Employing syntactical dependency and a mesoscopic scale to model books\' narratives through recurrence networks

Detalhes bibliográficos
Ano de defesa: 2023
Autor(a) principal: Souza, Bárbara Cortes e
Orientador(a): Não Informado pela instituição
Banca de defesa: Não Informado pela instituição
Tipo de documento: Dissertação
Tipo de acesso: Acesso aberto
Idioma: eng
Instituição de defesa: Biblioteca Digitais de Teses e Dissertações da USP
Programa de Pós-Graduação: Não Informado pela instituição
Departamento: Não Informado pela instituição
País: Não Informado pela instituição
Palavras-chave em Português:
NLP
PLN
Link de acesso: https://www.teses.usp.br/teses/disponiveis/55/55134/tde-02042024-162451/
Resumo: In recent years, science has been deeply impacted by the growing amount of data available for research.

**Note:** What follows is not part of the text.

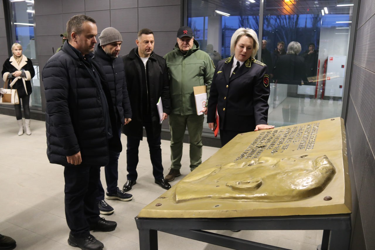 На входе в вокзал министру продемонстрировали единственное, что уцелело от фасада прежнего здания вокзала - мемориальную доску, посвященную разведчику черноморского флота мичману Е.В. Павлову, участнику морского десанта, освободившего Мариуполь в годы Великой Отечественной войны.

Specifically, the continuous increase of textual data availability has been essential for the development and proposal of new methodologies to tackle text processing problems. There are several new approaches that focus on different components of linguistics, such as lexicon, syntax and semantics. Natural Language Processing, for example, is a multidisciplinary field that concerns the interaction between natural languages and computers. Some examples of problems in this field are: topic detection, text classification, stylometry, automatic summarization, and others. Since natural languages are actually complex systems, it is also appropriate to represent them as complex networks, to help address these various challenges. One well known example of text modelling method is the word adjacency network, that maps each of the words in a text into nodes, and create an edge between any pair of terms that occur adjacent to each other in the text. In this Masters work, however, we focus on a larger, mesoscopic scale with the intent of capturing the overall context of a narrative. In this methodology, a single node refers to a sequence of paragraphs in the text, and the edges are created between the most similar ones. Additionally, we apply syntactical dependency knowledge to increase informativeness and, therefore, obtain a better performance on grasping the contextual semantics of the text. Finally, one can extract significant network measures in order to characterize it, including accessibility, symmetry and the new proposed recurrence signature, as a manner of capturing topological properties that reflect the narratives context. Several method validations have been performed, including a comparison with other trivial measures, two experiments to discriminate real from meaningless texts and between literary genres and, finally, a comparison of the current method to other orthodox approaches, namely co-occurrence networks and doc2vec.